Material to process —
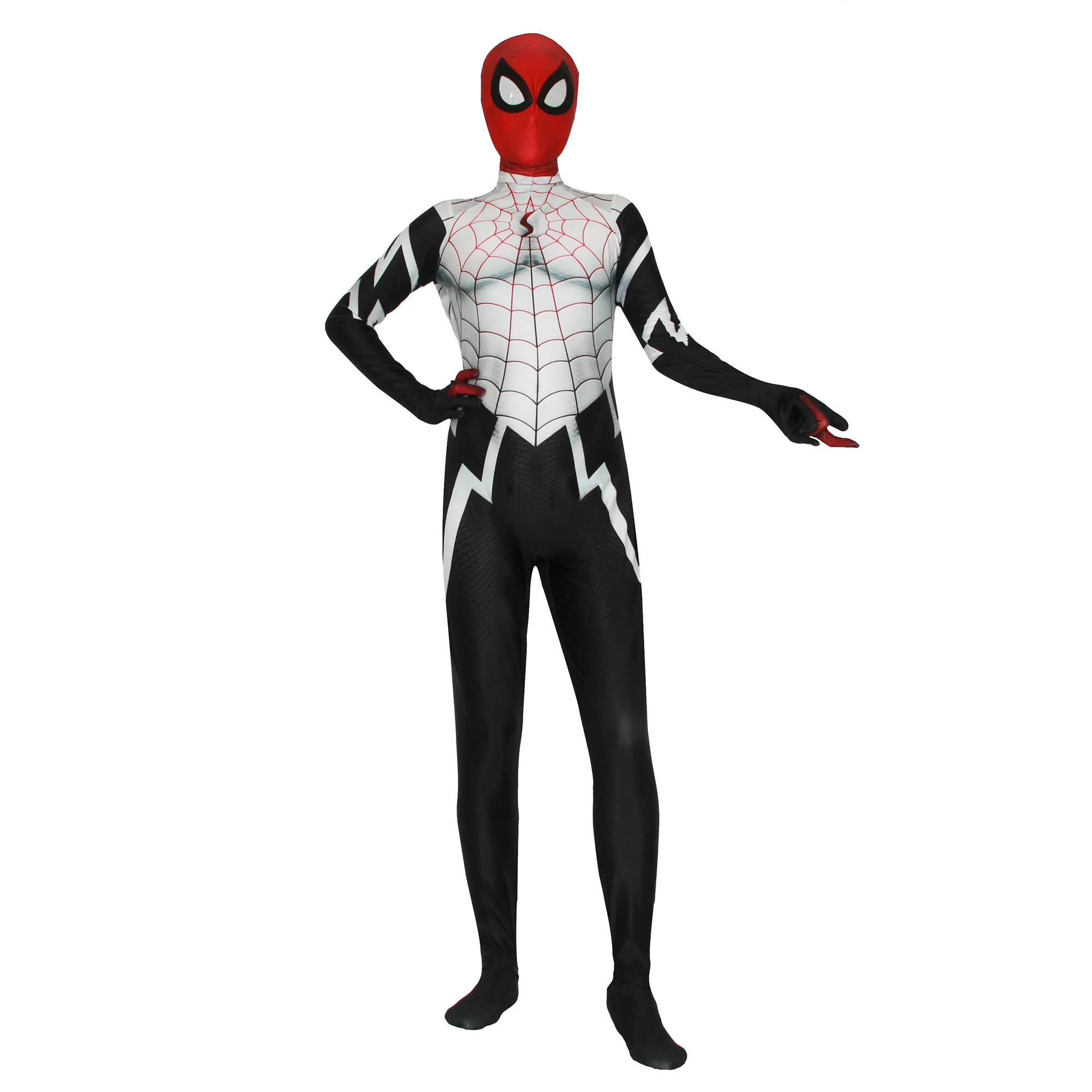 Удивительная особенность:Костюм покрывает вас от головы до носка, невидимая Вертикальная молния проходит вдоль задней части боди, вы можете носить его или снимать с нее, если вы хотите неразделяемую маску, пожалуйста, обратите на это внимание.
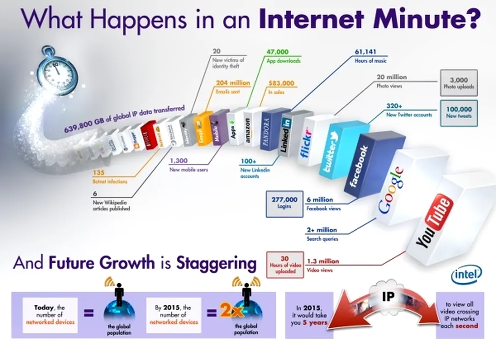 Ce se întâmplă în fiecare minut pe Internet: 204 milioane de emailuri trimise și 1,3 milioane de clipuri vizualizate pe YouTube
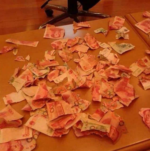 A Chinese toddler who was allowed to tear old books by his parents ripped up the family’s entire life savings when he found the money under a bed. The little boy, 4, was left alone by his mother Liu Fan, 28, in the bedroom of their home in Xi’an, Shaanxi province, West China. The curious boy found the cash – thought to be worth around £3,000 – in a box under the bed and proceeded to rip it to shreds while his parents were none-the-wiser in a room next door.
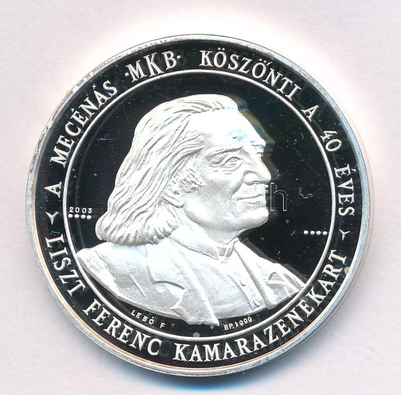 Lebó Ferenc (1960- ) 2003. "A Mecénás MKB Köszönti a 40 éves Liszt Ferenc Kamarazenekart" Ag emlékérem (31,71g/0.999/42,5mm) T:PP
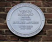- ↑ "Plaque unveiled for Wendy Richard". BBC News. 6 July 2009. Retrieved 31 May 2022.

What the task requires — Only the pictures are to be omitted; the records above must otherwise be reproduced exactly.

Answer box —
 Удивительная особенность:Костюм покрывает вас от головы до носка, невидимая Вертикальная молния проходит вдоль задней части боди, вы можете носить его или снимать с нее, если вы хотите неразделяемую маску, пожалуйста, обратите на это внимание.
 Ce se întâmplă în fiecare minut pe Internet: 204 milioane de emailuri trimise și 1,3 milioane de clipuri vizualizate pe YouTube
 A Chinese toddler who was allowed to tear old books by his parents ripped up the family’s entire life savings when he found the money under a bed. The little boy, 4, was left alone by his mother Liu Fan, 28, in the bedroom of their home in Xi’an, Shaanxi province, West China. The curious boy found the cash – thought to be worth around £3,000 – in a box under the bed and proceeded to rip it to shreds while his parents were none-the-wiser in a room next door.
 Lebó Ferenc (1960- ) 2003. "A Mecénás MKB Köszönti a 40 éves Liszt Ferenc Kamarazenekart" Ag emlékérem (31,71g/0.999/42,5mm) T:PP
- ↑ "Plaque unveiled for Wendy Richard". BBC News. 6 July 2009. Retrieved 31 May 2022.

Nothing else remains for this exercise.